- Work request
Print only the lines from the one with "這兩種保護機制的區(qū)別" through the end of the data, exactly, and please omit pictures.

- Data below
┄┄┄┄┄┄┄┄┄┄┄┄┄┄┄┄┄┄┄┄
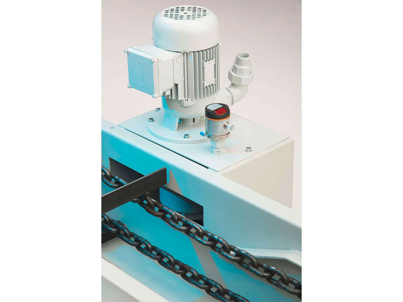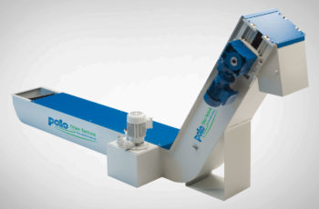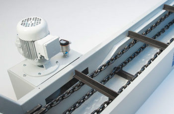 sorgen dafür, dass der Flüssigkeitsaustrag am Abwurf minimal ist. Verbunden sind die Winkel durch zwei robuste Endlosketten mit reibungsarmer Umlenkeinheit.
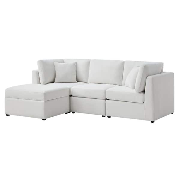 Chandler 93 in. Square Arm 4-piece Polyester Performance Fabric Rectangle XL Sectional Sofa in Ivory-Storage Ottoman
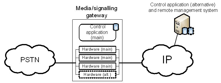 這兩種保護機制的區(qū)別可以從下面的例子進一步闡述。該事例是一種企業(yè)IP-PSTN網(wǎng)關(guān)應(yīng)用。一般情況下,企業(yè)級的網(wǎng)關(guān)并不采用軟交換架構(gòu),所以媒體和信令網(wǎng)關(guān)功能在同一設(shè)備內(nèi)實現(xiàn)。這類網(wǎng)關(guān)是一個獨立的機架,內(nèi)裝能實現(xiàn)媒體和信令處理的硬件板卡和控制類應(yīng)用程序。此設(shè)備可以本地管理,也可以采用遠程管理,如采用標準Web服務(wù)器。
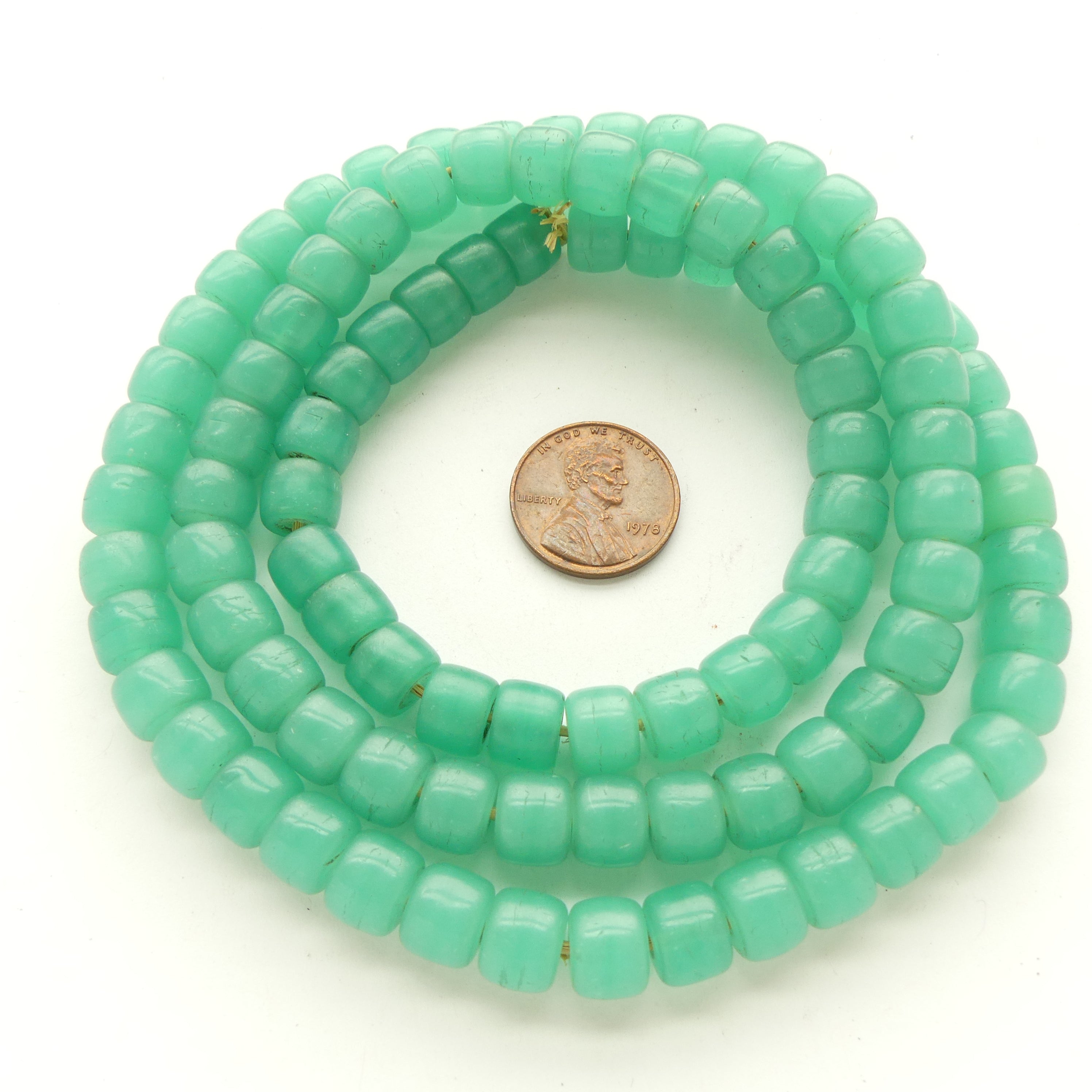 - Green "greasy" glass, chrysoprase color, short barrels 7x9mm on 28-inch strand
┄┄┄┄┄┄┄┄┄┄┄┄┄┄┄┄┄┄┄┄
- Written response
 這兩種保護機制的區(qū)別可以從下面的例子進一步闡述。該事例是一種企業(yè)IP-PSTN網(wǎng)關(guān)應(yīng)用。一般情況下,企業(yè)級的網(wǎng)關(guān)并不采用軟交換架構(gòu),所以媒體和信令網(wǎng)關(guān)功能在同一設(shè)備內(nèi)實現(xiàn)。這類網(wǎng)關(guān)是一個獨立的機架,內(nèi)裝能實現(xiàn)媒體和信令處理的硬件板卡和控制類應(yīng)用程序。此設(shè)備可以本地管理,也可以采用遠程管理,如采用標準Web服務(wù)器。
 - Green "greasy" glass, chrysoprase color, short barrels 7x9mm on 28-inch strand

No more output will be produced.